下午,林凡找了个公用电话亭。
铁皮亭子锈了边,绿色的漆掉了大半,露出里面的铁锈,像块补丁。
里面摆着部黑色座机,按键上的数字都磨白了,“5” 键还陷下去一点,得使劲按才能通。他从口袋里摸出枚一元硬币,手指都有点抖 ——
这硬币是他早上卖橡皮赚的,攥在手里都暖了。
“叮” 的一声,硬币落进盒子里,他拨通了木牌上的电话,手指还在发抖 ——
这是他第一次主动联系转租,心里又紧张又期待,怕对方说 “已经租出去了”,又怕租金太贵
。
“喂,哪位?”
接电话的是个中年男人,声音带着点沙哑,像没睡醒,
还有点咳嗽,估计是着凉了,说话时还带着点鼻音。
“您好,我看到您那日杂店要转租,想问问情况。”
林凡尽量让声音听起来稳当,不像毛躁的年轻人,还特意清了清嗓子,把紧张压下去。
对方听说有兴趣,语气活泛了些,咳嗽声也停了:
“哦,你想做啥生意?是卖菜还是卖百货?
明天上午九点来店里谈吧,我在,顺便给你看看房产证,省得你不放心。”
语气里带着点实在,不像耍滑头的人。
挂了电话,林凡心里揣着股热乎劲,像揣了个小暖炉,连脚步都轻快了些。
晚上坐在灯下算账,他把存折摊在桌上,用笔圈出 “四万七千二”——
这钱绝不能动,是老本,也是以后做更大事的种子,要是动了,万一出事,连退路都没有。
棚子里的流动资金有八百六十三块,藏在床板下的铁盒里,
用布包了三层,每次拿的时候都小心翼翼的。
连环画收了五十多本,花了不到一百,最值钱的是那本 1962 年的《三打白骨精》,
上次有人出价二十他没卖,想着以后留给笑笑。
他计划最多拿出五千块租门面,租金、押金、装修、首批货,每一分都得算着花,像捏着沙子似的,不能漏一点。

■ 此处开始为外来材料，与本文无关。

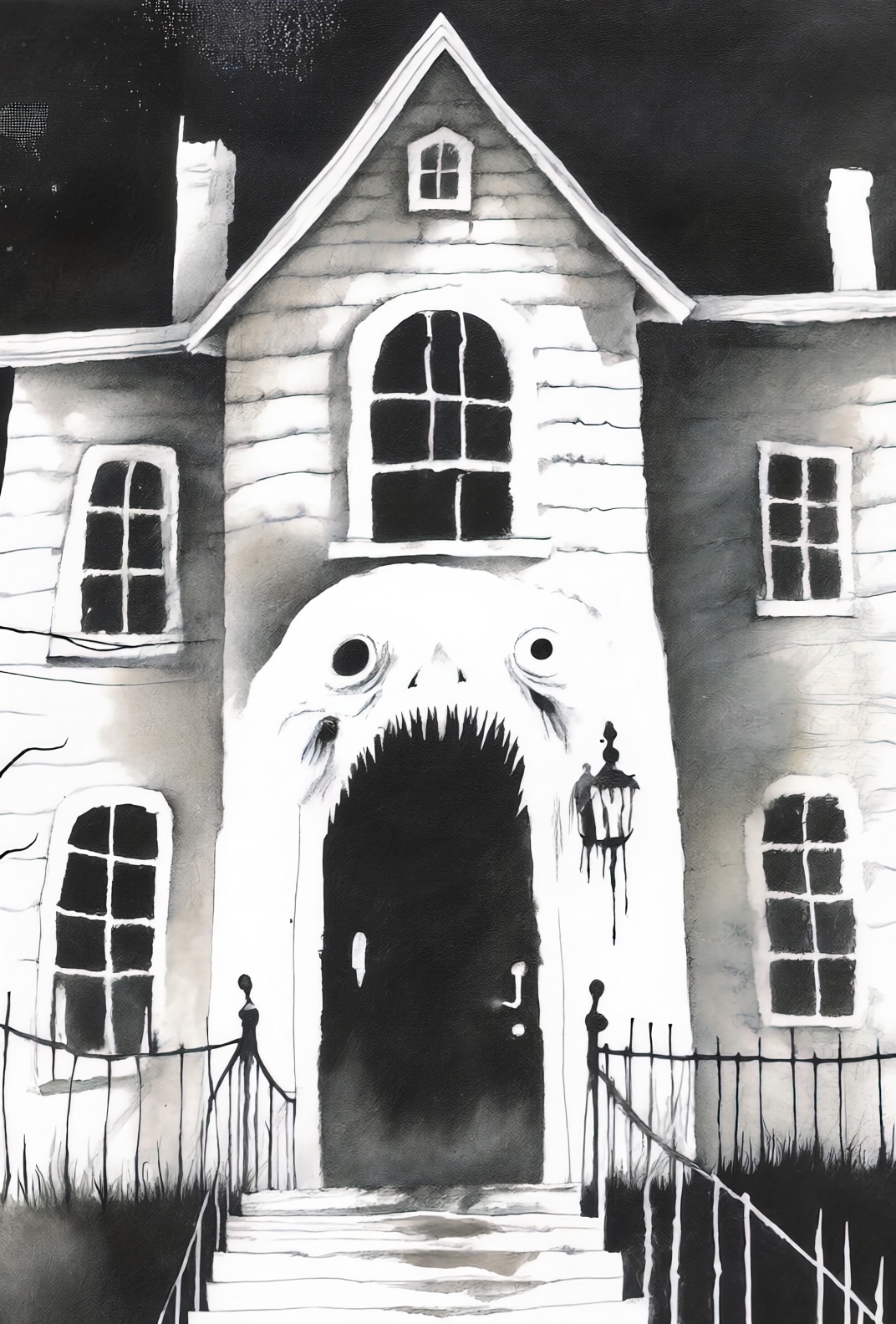 The artwork style of Stephan Gammill, made famous by the books Scary Stories to Tell in the Dark.

比如刷墙的石灰,要选县建材厂的,质量好,一袋五块,两袋就够,能刷完整个墙面;
木匠要找张师傅,上次修棚子的货架,他收费便宜,手艺还好,一天五十,打三排货架最多两天,加上材料,八百块足够了;
铺地面的水泥,选县水泥厂的,一袋八块,六袋四十八块,沙子一方二十块,总共不到七十块。
第二天一早,林凡把笑笑托付给隔壁张婶。
张婶六十岁,头发花白了大半,却很精神,儿子在外地打工,平时喜欢帮邻居看孩子,心地特别好。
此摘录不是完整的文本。